## What this task involves
Every line below must be copied as written, except for pictures.

## Given entries
· · · · · · ·

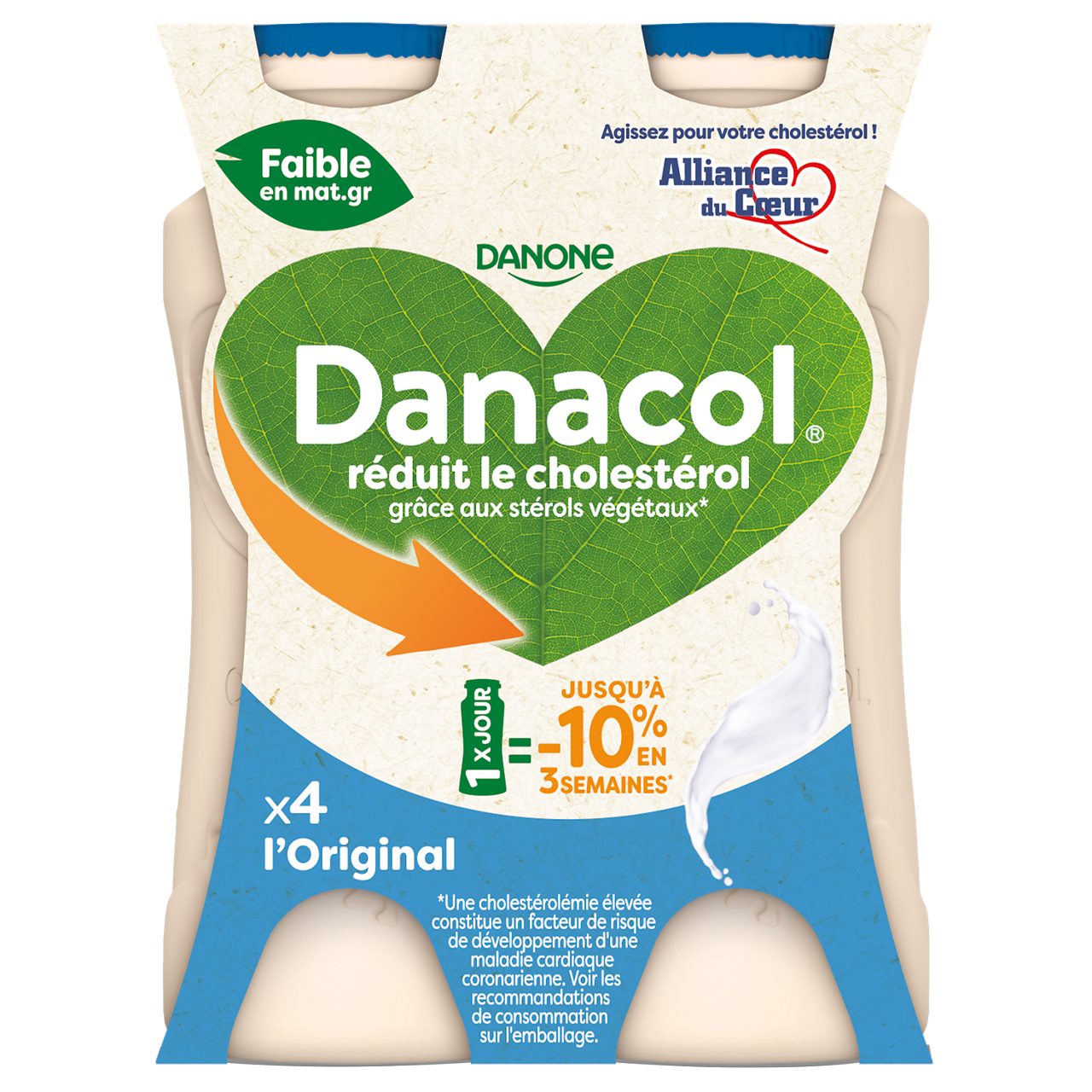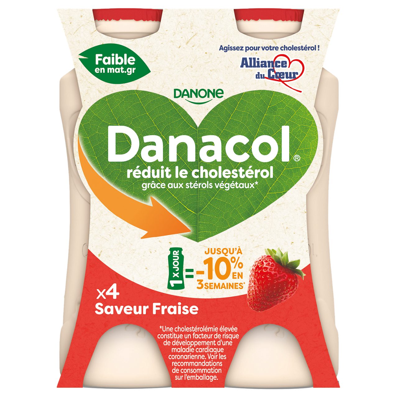 Danacol est une spécialité laitière dont l’effet sur la réduction du cholestérol, grâce aux stérols végétaux, est scientifiquement prouvé*. Avec une bouteille par jour qui apporte 1,6g de phytostérols, vous pouvez réduire jusqu’à 10% votre taux de cholestérol en seulement 3 semaines* de consommation. L’effet se maintient grâce à une consommation quotidienne de stérols végétaux et sa recette est faible en matières grasses et riche en protéines.
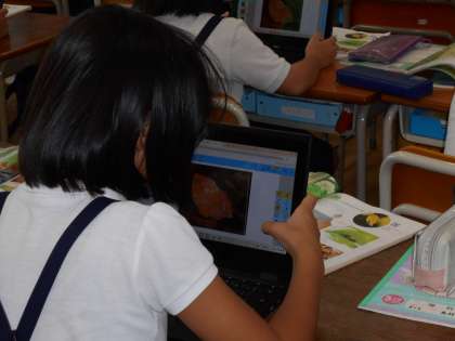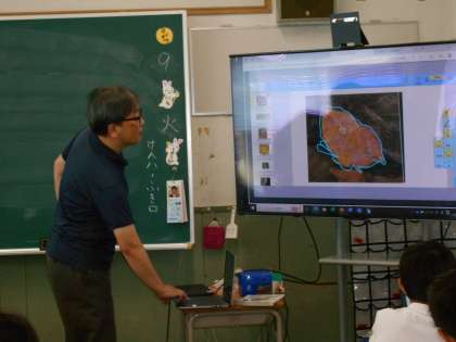 学習者用端末の「かくれた虫」のえいぞうを見て、どこに隠れているかを見つけていきました。わかった人はスカイメニューの「発表ノート」書き込んでいきました。クラスの子の発表が見られて分かりやすかったです。
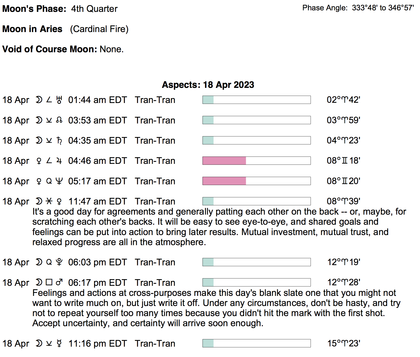 Planet Color Key: The longer the bar, the slower the aspecting planet, and the longer the duration of the planet’s transit.
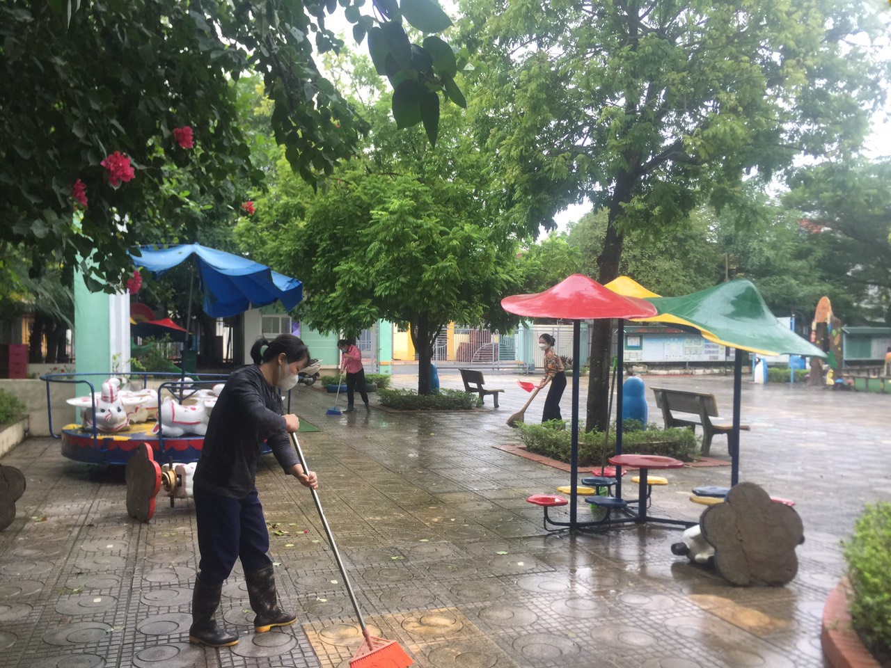 Đúng 8h00 phút sáng, CBGVNV nhà trường có mặt thực hiện nghiêm túc theo lịch phân công của BGH chia thành các nhóm cắt tỉa cây, nhổ cỏ, đánh cọ rêu xung quanh sân trường, các khu vui chơi, Rà soát toàn bộ các chậu, bồn chức nước tránh nước ứ đọng và rắc vôi bột toàn bộ sân trường, các hố ga, các thành tường.
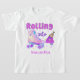 Den här söta och lila designen innehåller frasen "Rolling into 4". Det är perfekt för en skater som fyller år.

· · · · · · ·

## Exercise result
 Danacol est une spécialité laitière dont l’effet sur la réduction du cholestérol, grâce aux stérols végétaux, est scientifiquement prouvé*. Avec une bouteille par jour qui apporte 1,6g de phytostérols, vous pouvez réduire jusqu’à 10% votre taux de cholestérol en seulement 3 semaines* de consommation. L’effet se maintient grâce à une consommation quotidienne de stérols végétaux et sa recette est faible en matières grasses et riche en protéines.
 学習者用端末の「かくれた虫」のえいぞうを見て、どこに隠れているかを見つけていきました。わかった人はスカイメニューの「発表ノート」書き込んでいきました。クラスの子の発表が見られて分かりやすかったです。
 Planet Color Key: The longer the bar, the slower the aspecting planet, and the longer the duration of the planet’s transit.
 Đúng 8h00 phút sáng, CBGVNV nhà trường có mặt thực hiện nghiêm túc theo lịch phân công của BGH chia thành các nhóm cắt tỉa cây, nhổ cỏ, đánh cọ rêu xung quanh sân trường, các khu vui chơi, Rà soát toàn bộ các chậu, bồn chức nước tránh nước ứ đọng và rắc vôi bột toàn bộ sân trường, các hố ga, các thành tường.
 Den här söta och lila designen innehåller frasen "Rolling into 4". Det är perfekt för en skater som fyller år.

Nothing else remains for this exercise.